The British Government has pledged to ensure the country has the fastest broadband of any major European country by 2015, in a bid to boost the country's creative industries.
The pledge, made by United Kingdom secretary of state for culture, Olympics, media and sport, Jeremy Hunt, was made at Google's offices at the Silicon Roundabout, an area around Old Street and the outskirts of City of London which is home to many technology firms and startups.
"Getting the plumbing right for our digital economy is not just an advantage to consumers — it is also essential for our digital and creative industries, all of whom need reliable high-speed networks to develop and export their products as they move large digital files around the world," Hunt said this week, according to a report from The Guardian.
The country currently has the 14th fastest download speeds in Europe, according to net index tool Ookla, at an average of 17.84 Mbps.
It plans look to boost speeds by deploying fibre-to-the-node technology to two-thirds of the population by 2016, under a strategy aimed at offering "superfast services" of at least 24 Mbps to 90 percent of the country by 2015.
"To really be the best, you have to be the fastest," Hunt said.
The technology would provided a temporary stepping stone to the fibre-to-the-home technology being rolled out to 93 percent of Australian premises under the National Broadband Network, but flies in the face of a recent House of Lords committee report, which urged the Government to more quickly move to FTTH technology and achieve more ambitious targets.
"[The Lords] suggest that fibre to the cabinet is the sum of the government's ambitions," he said.
"They are wrong. Where fibre to the cabinet is the chosen solution, it is most likely to be a temporary stepping stone to fibre to the home."

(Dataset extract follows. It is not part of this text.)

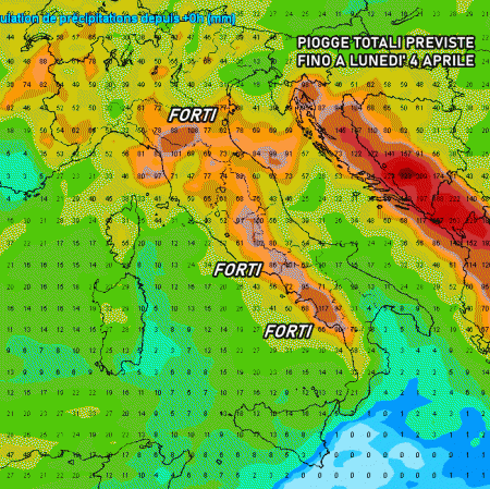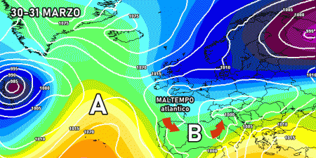 Venerdì 1 aprile: possibile nuovo affondo nord atlantico nel mar Tirreno. Maltempo in intensificazione al nord con nevicate abbondanti sui monti, in graduale calo di quota. Maltempo anche sul lato tirrenico. Temperature in calo.

Labour's culture spokeswoman Helen Goodman said the current Government's plan prioritised speed over access, and would mean millions would have to wait at least three more years for a broadband connection.
Hunt's pledge focused on the UK's creative sector, pulling out the country's independent television sector as the largest exporter of its type, and the country's music industry as second largest exporter on the globe.
Those industries, and others in which the country excels such as animation and video games, would increasingly rely on fast broadband, Hunt said, to "move large digital files around the world".